The companies and river routes?

– Yurimaguas-Iquitos: Eduardo, 065 351270
– Pucallpa-Iquitos: Henry, 065 26 3948
– Iquitos-Santa Rosa (Border Peru-Colombia-Brazil): Departing from Puerto Masusa or Pesquero with “Gran Loretana”, “Gran Diego” or “Jorge Raúl”. There are also speedboats like the “Golfinho” or “Transtur“.

Prices and Times

– From Pucallpa to Iquitos: going down the Ucayali, 4 days, 150 soles in hammock, 200 soles/ cabin with bed.
– From Iquitos to Pucallpa: going up the Ucayali, 5 days, 150 soles in hammock, 200 soles/ cabin with bed.
– From Yurimaguas to Iquitos: going down the Huallaga and Marañón, 2 days, 100 soles in hammock, 150 soles / cabin with bed.
– From Iquitos to Yurimaguas: Maranon and Huallaga up, 3 days, 100 soles in hammock 150 soles / cabin with bed.
– From Iquitos to the Brazil-Colombia boarder: going down the Amazon, 2 days, 80 soles in a hammock, 130 soles / cabin with bed.
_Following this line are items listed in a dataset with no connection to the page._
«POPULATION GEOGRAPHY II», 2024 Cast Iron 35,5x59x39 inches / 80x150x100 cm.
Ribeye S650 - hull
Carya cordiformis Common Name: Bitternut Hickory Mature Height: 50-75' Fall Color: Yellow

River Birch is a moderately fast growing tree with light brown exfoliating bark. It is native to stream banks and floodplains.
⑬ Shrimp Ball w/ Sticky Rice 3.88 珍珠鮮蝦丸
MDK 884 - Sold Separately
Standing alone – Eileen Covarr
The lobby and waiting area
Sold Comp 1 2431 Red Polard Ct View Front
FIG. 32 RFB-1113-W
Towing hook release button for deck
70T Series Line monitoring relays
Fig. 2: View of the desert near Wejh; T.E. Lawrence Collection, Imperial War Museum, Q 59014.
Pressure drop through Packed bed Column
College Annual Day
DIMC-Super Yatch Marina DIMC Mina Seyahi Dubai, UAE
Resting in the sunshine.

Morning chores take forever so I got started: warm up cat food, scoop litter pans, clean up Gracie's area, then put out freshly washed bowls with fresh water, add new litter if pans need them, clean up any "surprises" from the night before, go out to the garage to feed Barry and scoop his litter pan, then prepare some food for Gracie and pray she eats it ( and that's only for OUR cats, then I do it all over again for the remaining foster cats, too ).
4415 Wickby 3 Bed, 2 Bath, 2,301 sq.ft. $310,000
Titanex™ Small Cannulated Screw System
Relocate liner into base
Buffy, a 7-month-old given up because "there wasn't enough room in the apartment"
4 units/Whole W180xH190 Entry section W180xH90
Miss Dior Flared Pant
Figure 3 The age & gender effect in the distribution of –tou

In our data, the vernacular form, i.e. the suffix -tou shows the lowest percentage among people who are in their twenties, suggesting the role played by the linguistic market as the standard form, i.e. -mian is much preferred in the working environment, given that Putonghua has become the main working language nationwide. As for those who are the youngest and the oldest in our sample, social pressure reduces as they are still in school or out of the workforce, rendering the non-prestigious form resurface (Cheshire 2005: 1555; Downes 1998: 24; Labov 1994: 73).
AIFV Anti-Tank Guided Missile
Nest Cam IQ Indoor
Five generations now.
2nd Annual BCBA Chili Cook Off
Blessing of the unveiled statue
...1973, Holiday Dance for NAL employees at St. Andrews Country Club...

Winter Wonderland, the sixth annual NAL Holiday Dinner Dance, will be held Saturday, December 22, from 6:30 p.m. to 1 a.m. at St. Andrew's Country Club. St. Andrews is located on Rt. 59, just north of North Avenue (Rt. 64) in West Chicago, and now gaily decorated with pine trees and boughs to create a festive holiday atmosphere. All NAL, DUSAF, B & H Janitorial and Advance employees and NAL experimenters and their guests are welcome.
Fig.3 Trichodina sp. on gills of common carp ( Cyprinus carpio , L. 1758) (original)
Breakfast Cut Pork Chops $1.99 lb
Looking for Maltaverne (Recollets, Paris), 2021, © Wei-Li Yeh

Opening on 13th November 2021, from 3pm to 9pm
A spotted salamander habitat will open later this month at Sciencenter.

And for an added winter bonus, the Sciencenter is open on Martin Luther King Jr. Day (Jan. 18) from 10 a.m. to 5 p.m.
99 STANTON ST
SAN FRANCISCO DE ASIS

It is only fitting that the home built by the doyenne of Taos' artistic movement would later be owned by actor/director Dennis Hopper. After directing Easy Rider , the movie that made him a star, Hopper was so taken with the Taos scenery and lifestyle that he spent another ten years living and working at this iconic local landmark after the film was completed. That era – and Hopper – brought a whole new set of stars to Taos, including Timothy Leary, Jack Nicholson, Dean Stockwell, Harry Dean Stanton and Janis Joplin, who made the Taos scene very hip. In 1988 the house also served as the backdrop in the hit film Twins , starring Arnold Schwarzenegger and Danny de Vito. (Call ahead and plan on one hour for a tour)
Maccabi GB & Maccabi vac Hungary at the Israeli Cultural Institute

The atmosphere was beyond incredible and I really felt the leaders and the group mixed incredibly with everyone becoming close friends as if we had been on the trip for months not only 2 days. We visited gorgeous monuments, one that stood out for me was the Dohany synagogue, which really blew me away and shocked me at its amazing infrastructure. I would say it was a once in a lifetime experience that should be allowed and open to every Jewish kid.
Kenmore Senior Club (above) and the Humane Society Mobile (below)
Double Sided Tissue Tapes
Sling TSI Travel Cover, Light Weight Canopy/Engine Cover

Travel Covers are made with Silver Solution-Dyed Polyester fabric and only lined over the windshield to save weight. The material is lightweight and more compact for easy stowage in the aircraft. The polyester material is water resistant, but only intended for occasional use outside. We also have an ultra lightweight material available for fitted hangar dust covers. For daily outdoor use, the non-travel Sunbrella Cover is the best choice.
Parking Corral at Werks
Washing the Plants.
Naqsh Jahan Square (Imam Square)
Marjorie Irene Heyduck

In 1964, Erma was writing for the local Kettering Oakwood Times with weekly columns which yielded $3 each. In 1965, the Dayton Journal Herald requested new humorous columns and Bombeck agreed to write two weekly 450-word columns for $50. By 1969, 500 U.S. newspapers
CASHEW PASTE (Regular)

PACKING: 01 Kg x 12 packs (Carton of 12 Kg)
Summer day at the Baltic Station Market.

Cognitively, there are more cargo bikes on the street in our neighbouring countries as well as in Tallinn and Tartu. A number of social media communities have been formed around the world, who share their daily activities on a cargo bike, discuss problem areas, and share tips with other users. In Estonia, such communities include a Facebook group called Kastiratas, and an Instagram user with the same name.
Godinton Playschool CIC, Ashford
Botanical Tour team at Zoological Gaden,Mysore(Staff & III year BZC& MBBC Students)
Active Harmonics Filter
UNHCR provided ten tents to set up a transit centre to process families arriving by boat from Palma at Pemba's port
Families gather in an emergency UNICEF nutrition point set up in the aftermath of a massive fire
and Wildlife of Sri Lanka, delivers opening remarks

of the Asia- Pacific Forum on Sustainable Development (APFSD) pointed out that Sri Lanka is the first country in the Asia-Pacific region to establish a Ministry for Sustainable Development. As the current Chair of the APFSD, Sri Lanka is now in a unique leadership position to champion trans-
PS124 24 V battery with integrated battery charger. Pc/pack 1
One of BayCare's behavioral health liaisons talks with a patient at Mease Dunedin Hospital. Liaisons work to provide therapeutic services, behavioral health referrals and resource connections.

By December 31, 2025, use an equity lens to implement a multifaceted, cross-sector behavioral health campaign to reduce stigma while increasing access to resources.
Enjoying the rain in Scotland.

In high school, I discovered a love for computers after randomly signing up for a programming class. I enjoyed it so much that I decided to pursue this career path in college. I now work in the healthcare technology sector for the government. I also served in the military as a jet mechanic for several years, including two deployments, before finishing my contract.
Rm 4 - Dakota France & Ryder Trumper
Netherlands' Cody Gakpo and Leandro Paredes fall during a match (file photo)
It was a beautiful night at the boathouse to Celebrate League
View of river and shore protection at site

How is the current? It is important to find out if the river current is strong or weak. A boat going up the river, counter-current, will take longer.

How are the tides? If the river is low, the boat takes longer and can be immobilized by sand banks, so be aware of the time of the trip.

– Semi-high, good time: November, December, January, February
– High, ideal time: March, April, May
– Semi-low, good time: June, July
– Low, complicated: August, September, October
And how can I get there?

With StarPerú, you can find one way flights to Tarapoto or Pucallpa and return from Iquitos.